Based on prior studies, a CRP cutoff of 3 mg/L was used to classify patients into groups with high CRP (CRP level > 3 mg/L) and low CRP (CRP level ≤ 3 mg/L) level. Laboratory personnel were unaware of clinical diagnosis and not involved in the follow-up of the patients.
2.4
Outcomes and follow-up
The main outcome was 1-year mortality in men and women. Other outcomes of interest were 1-year incidences of cardiac mortality, nonfatal myocardial infarction, stroke and stent thrombosis. The follow-up protocol included: a phone interview at 1 month, a visit at 6 months and another phone interview at 12 months after hospital discharge. Information on mortality was obtained using hospital charts, death certificates or phone contact with relatives of the patient or referring physician(s).

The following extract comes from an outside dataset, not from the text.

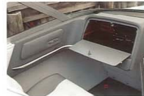
Lockable glove box
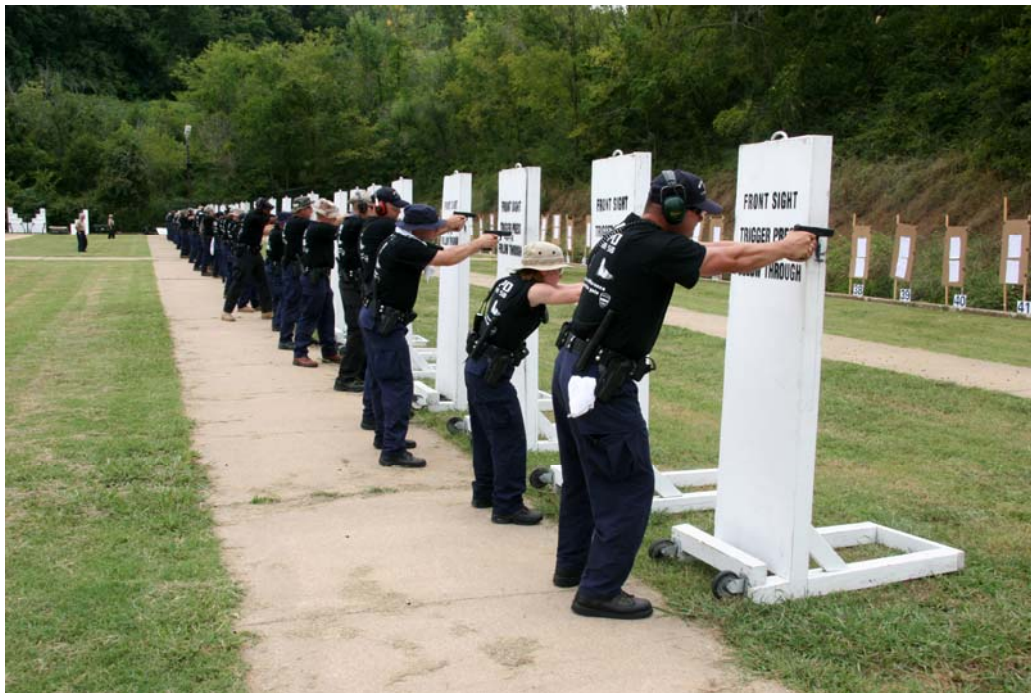
Session 58 Firearms Training.

Please join us for Session 58 graduation ceremonies November 3 at 6 p.m. Christ Church Nashville 15354 Old Hickory Boulevard

Deaths of cardiac origin and stent thrombosis were defined according to the Academic Research Consortium criteria . Myocardial infarction was diagnosed if patients developed new abnormal Q waves in > 2 contiguous precordial or > 2 adjacent limb leads or if they had an elevation of creatine kinase-myocardial band (CK-MB) > 2 times (> 3 times for the first 48 h after PCI procedure) the upper limit of normal. Stroke was diagnosed in the presence of newly developed neurological deficits confirmed by imaging of the head. All follow-up information and adjudication of events were performed by personnel unaware of clinical diagnosis or CRP level.
2.5
Statistical analysis
Data are presented as median (25th; 75th percentiles), number of patients/events or proportions (%). The normality of data distribution was tested with the Kolmogorov–Smirnov test. Continuous data with skewed distribution were compared with the Kruskal–Wallis rank-sum test. Categorical data were compared with Chi-square test. Survival analysis was performed by applying the Kaplan–Meier method and the differences in survival were compared with the log-rank test. The multivariable Cox proportional hazards model was used to assess the association between CRP and mortality in men and women. All variables of Table 1 were entered into the model. Receiver-operating characteristic (ROC) curve analysis was performed to compare the discriminatory power of CRP regarding mortality prediction in men versus women. Comparison of the respective areas under the ROC curve was performed using the pROC package with bootstrapping method (n = 1000 samples). The discriminatory power of the multivariable models before and after CRP inclusion was performed by calculating the Harrell’s c index. The c indexes were compared with the Somer’s D package. Analyses were performed using S-plus statistical package (S-PLUS, Insightful Corp, Seattle, Washington) or R-package. A 2-sided P < 0.05 was considered to indicate statistical significance.